The task >>
Would you please transcribe the data in full and exactly, excluding images?

Data segment >>

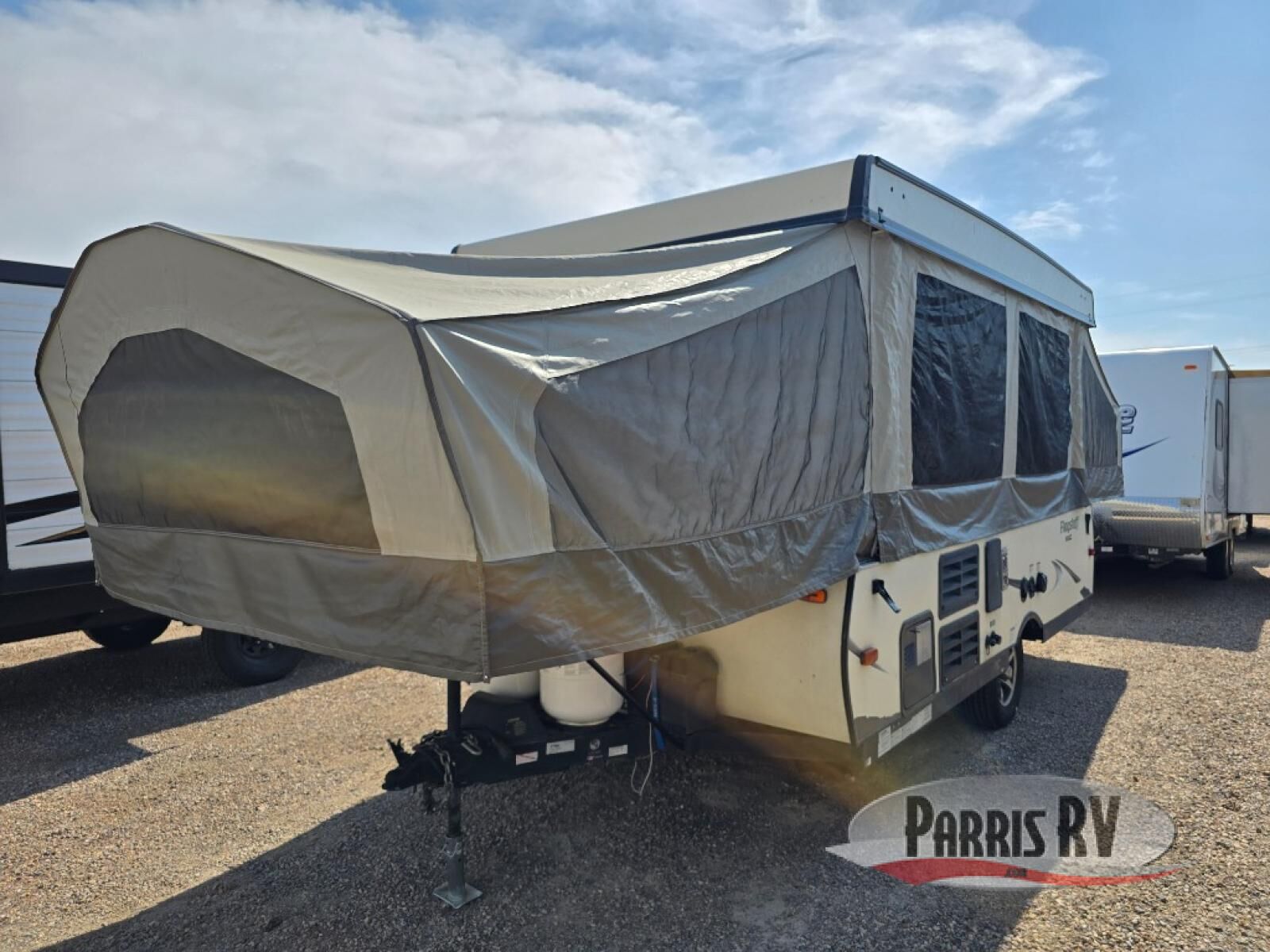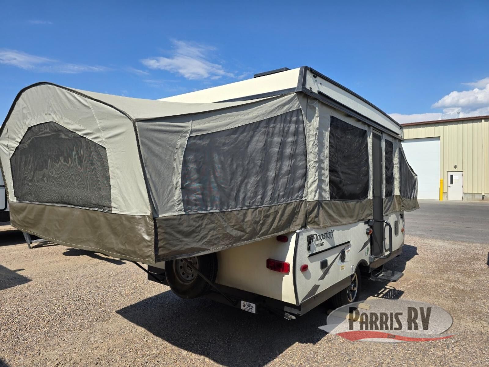 Forest River offers this Flagstaff MAC Series 228 folding pop-up camper with a guacho/bed, booth dinette, plus front and rear tent end beds.
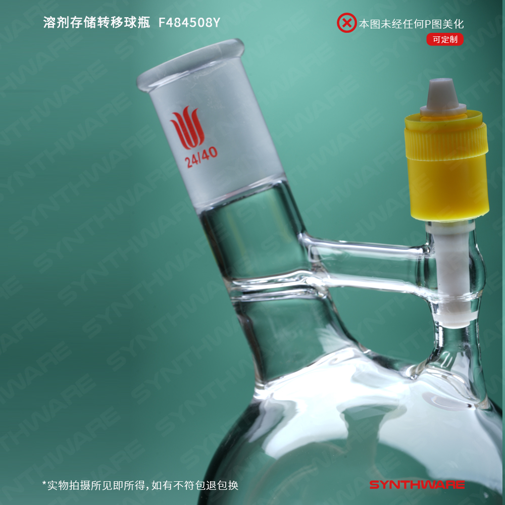 溶剂存储转移球瓶,磨口:24/40,1000ml,新型8mm高真空阀 F4842L8Y
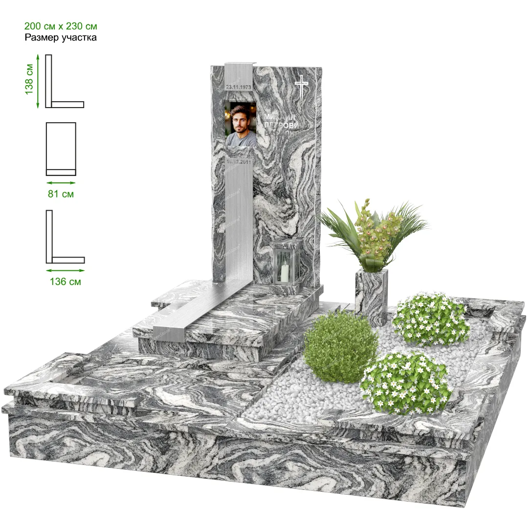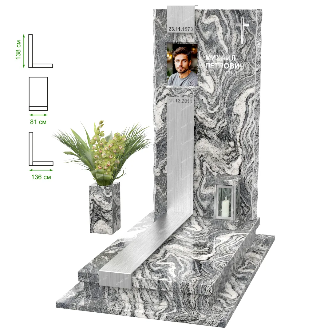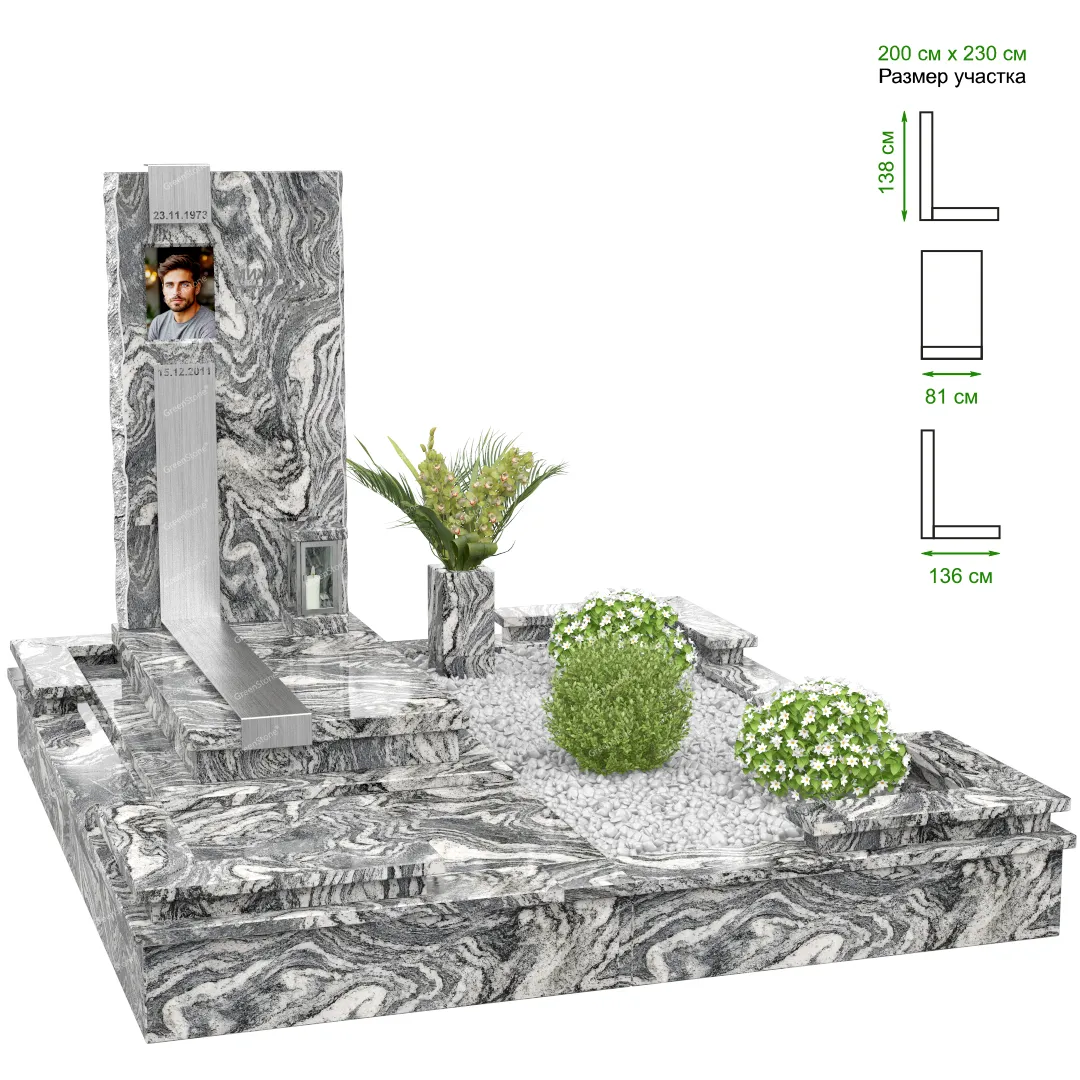 Визуально комплекс отличается от типовой формы не только формой, но и размерами. Массивная стела позволяет дизайнеру реализовать практически любые задумки и пожелания Заказчика, придать готовому изделию солидный вид, раскрыть все достоинства использованного в его изготовлении гранита. Такой габаритный памятник требует профессиональной доставки и установки. Все это также можно заказать в мастерской Грин-Стоун.
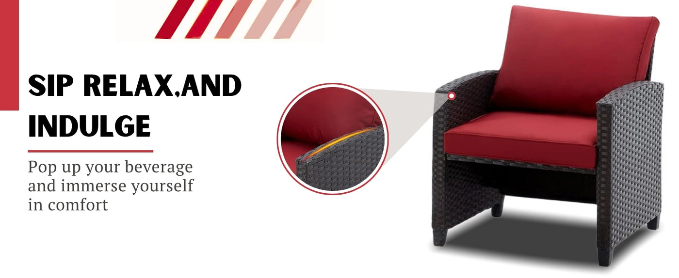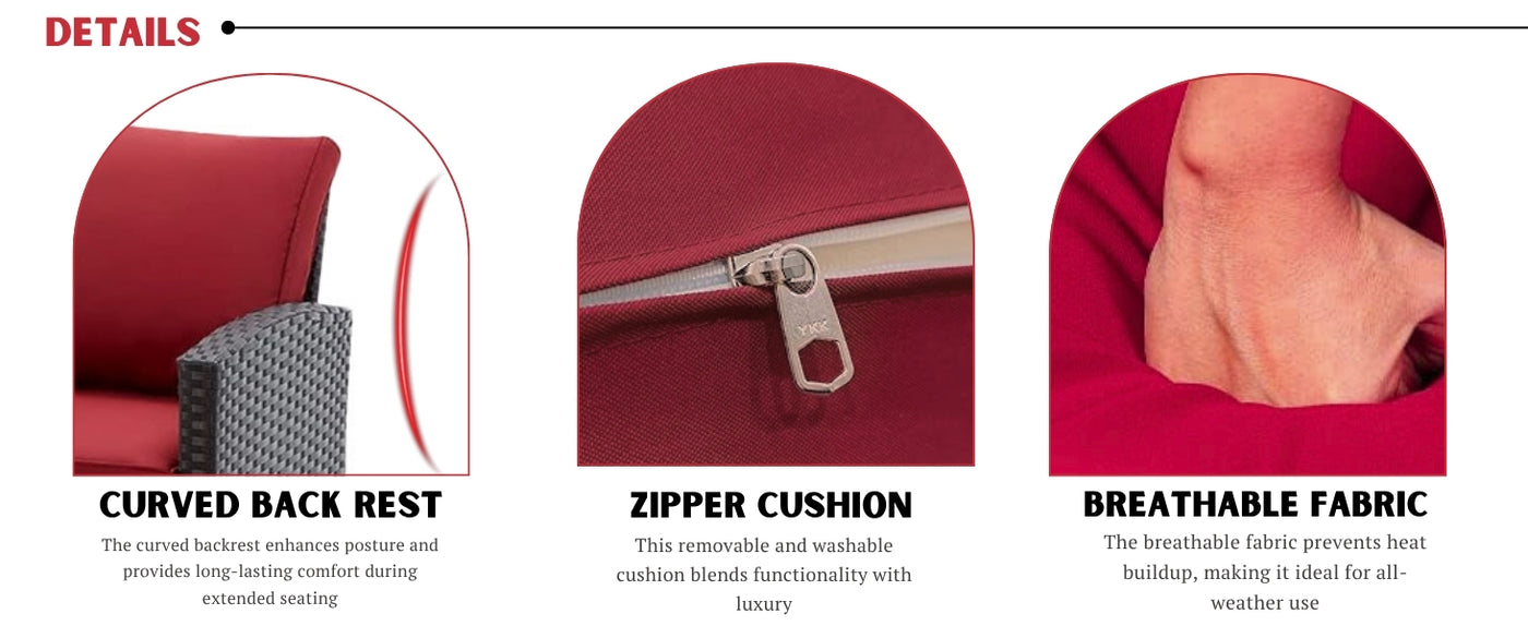 • Plush Red Cushions with Zippers : 3” thick seat cushions provide soft, supportive comfort during long sitting sessions. Water-resistant, removable covers are easy to clean and maintain for outdoor durability.

Written reply >>
 Forest River offers this Flagstaff MAC Series 228 folding pop-up camper with a guacho/bed, booth dinette, plus front and rear tent end beds.
 溶剂存储转移球瓶,磨口:24/40,1000ml,新型8mm高真空阀 F4842L8Y
 Визуально комплекс отличается от типовой формы не только формой, но и размерами. Массивная стела позволяет дизайнеру реализовать практически любые задумки и пожелания Заказчика, придать готовому изделию солидный вид, раскрыть все достоинства использованного в его изготовлении гранита. Такой габаритный памятник требует профессиональной доставки и установки. Все это также можно заказать в мастерской Грин-Стоун.
 • Plush Red Cushions with Zippers : 3” thick seat cushions provide soft, supportive comfort during long sitting sessions. Water-resistant, removable covers are easy to clean and maintain for outdoor durability.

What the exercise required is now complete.